Towards Multimodal Surveillance for Smart Building Security †

Institute of Information Science and Technologies, National Research Council of Italy, Via Moruzzi, 1-56124 Pisa, Italy
Author to whom correspondence should be addressed.
Presented at the International Workshop on Computational Intelligence for Multimedia Understanding (IWCIM), Kos Island, Greece, 2 September 2017.
Proceedings 2018, 2(2), 95;
Published: 9 January 2018


The main goal of a surveillance system is to collect information in a sensing environment and notify unexpected behavior. Information provided by single sensor and surveillance technology may not be sufficient to understand the whole context of the monitored environment. On the other hand, by combining information coming from different sources, the overall performance of a surveillance system can be improved. In this paper, we present the Smart Building Suite, in which independent and different technologies are developed in order to realize a multimodal surveillance system.

1. Introduction

The concept of “smart building” is very wide, as it embraces all the building’s components, from technology to services, in order to fully support the people living or working there [1]. Optimizing spaces utilization, building life costs and surveillance system is part of the process of making “smart” a building. The life costs are mostly related to operations and maintenance; as an example, the tendency to be unconcerned about energy saving is more prominent in office than at home; thus, in a smart building it is necessary to provide automatic energy saving services. Surveillance is another important aspect in order to both avoid waste of money or destruction of properties due to thefts and for the safety of the people [2]. Unfortunately, today the need of good surveillance is getting higher due to the high level of criminality, especially in sensitive areas, government offices, public places, and even at home.
Security and intrusion control concerns are the motivating factors for the deployment on the market of many video surveillance systems, such as surveillance cameras, which are closed-circuits that need a command and a control center to monitor all the activities using cameras, or radio frequency identifications (RFID), which use radio waves to automatically identify persons or objects by means of RFID transponders and readers. In this context, the information provided by a dedicated surveillance technology may not be sufficient to automatically identify the intrusions in a monitored environment. Combining several sources of information coming, for example, from both a wireless sensor network and cameras, improves the overall performance of a surveillance system. Indeed, ambient sensors (like RFID, PIR, noise, etc...) may generate false positive readings that can be reduced by fusing these measurements with data coming from surveillance cameras.
In this paper, we present an envision enhanced surveillance system for smart building, in which independent and different technologies, currently implemented and deployed, are integrated and coordinated by a high-level central reasoner in order to provide a more robust and efficient surveillance system for a smart building. Such an enhanced surveillance system will be able both to monitor what happens outside the buildings and to detected if a violation occurs. We also describe the different technologies, based on sensors and cameras, and the software solutions we implemented and that we aim to integrate in order to realize the surveillance scenario described above. The paper is organized as follows. Section 2 describes the system and its functionalities. Section 3 reports the technologies used in developing the system; Section 4 presents the methodologies adopted and describes the algorithm developed. Finally, Section 5 concludes the paper.
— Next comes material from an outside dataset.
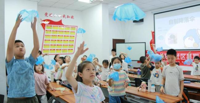 多元课程:在体验中解锁成长的N种可能。除了非遗课程与少儿编程,托管班的课程表还藏着“美育”与“责任”的密码:音乐课上,志愿者邓嘉译通过小游戏教孩子们识谱,教唱《稻香》等歌曲,让社区活动中心成了“小演唱会”;环保课走出教室,孩子们用树叶制作环保宣传海报,化身小小志愿者,在社区花园开展“洁净家园”志愿服务活动;科学实验课中,孩子们用垃圾袋自制降落伞,在记录单上写下“伞面越大,空气阻力越大,下落越慢!”的实验结论,连平时坐不住的“小调皮”都专注得像个小科学家。
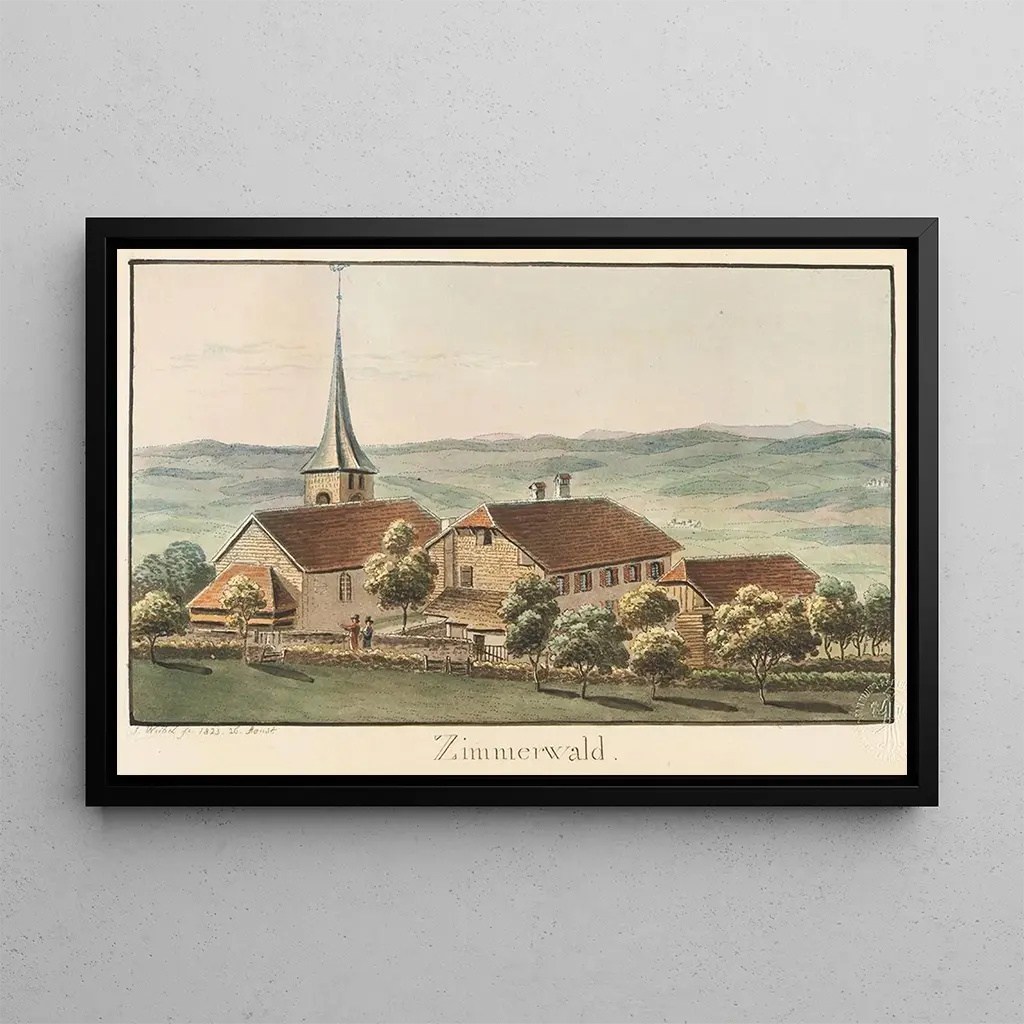 The art print Zimmerwald by Jakob Samuel Weibel transports us to the heart of a mountainous landscape imbued with tranquility. The soft shades of greens and blues blend harmoniously, evoking the freshness of Swiss alpine pastures. The watercolor technique, mastered by the artist, gives this piece a light and airy atmosphere, where each brushstroke seems to capture the light of a summer day. The delicate details of the trees and mountains invite peaceful contemplation, making this canvas a true visual refuge.

2. System Description and Functionalities

The Smart Building Suite is a distributed smart surveillance system with the capabilities to notify real time alerts, to store and to analyze big amount of data coming from a large number of IP nodes. The infrastructure is constituted by a network of wireless sensors installed in the offices of a building in the CNR Research Area in Pisa and the embedded smart cameras (ESC) installed both on its roof and in front of the offices’ entrance, thus monitoring the outside environment and inside the offices. The wireless sensor network (WSN) is also used to monitor the energy consumptions of the offices, taking recovery actions to contain the energy waste, while the ESCs are embedded computers equipped with camera modules. The main functionalities offered by the system are:
Presence detector. Data collected from the various sensors in an office, crossed each other, allow to understand whether or not the office is occupied, thus creating a sort of “virtual presence sensor”;
Real-time alert. To each office, a set of authorized people images is associated; when a non-authorized person is detected, a notification, and possibly an alarm, is raised. Moreover, the system also provides motion detection capabilities, which allow monitoring predesignated regions of the video frame;
Video-recording. Video streams captured by cameras are recorded and stored. It is possible to define strategies to control the recording process both in time and space (e.g., on a per-camera basis);
Analysis and understanding. The video streams acquired by cameras are analyzed to extract information useful for searching video shots and taking decisions. Two types of information are be extracted: (1) low level information, consisting of visual features (global and local visual descriptors of areas of the frames, face features, etc.); (2) high level information, consisting, for instance, in tracking information of objects, people, or occurrence of unexpected visual anomalies;
Data Management. It is possible to access the faces’ data base, to browse all videos and historical data (motion detection events, unknown persons, etc) and to search for video shots to retrieve the occurrence of an entity (e.g., a car or a person), thereby determining the paths followed by the entity in the past or its current location. Search is based on the information extracted from the video streams during the analysis and the understanding phase.
To achieve high scalability and efficiency we adopted an event-based communication where the events are generated by peripheral smart subsystems that locally elaborate the raw data and feed the database only if something happens.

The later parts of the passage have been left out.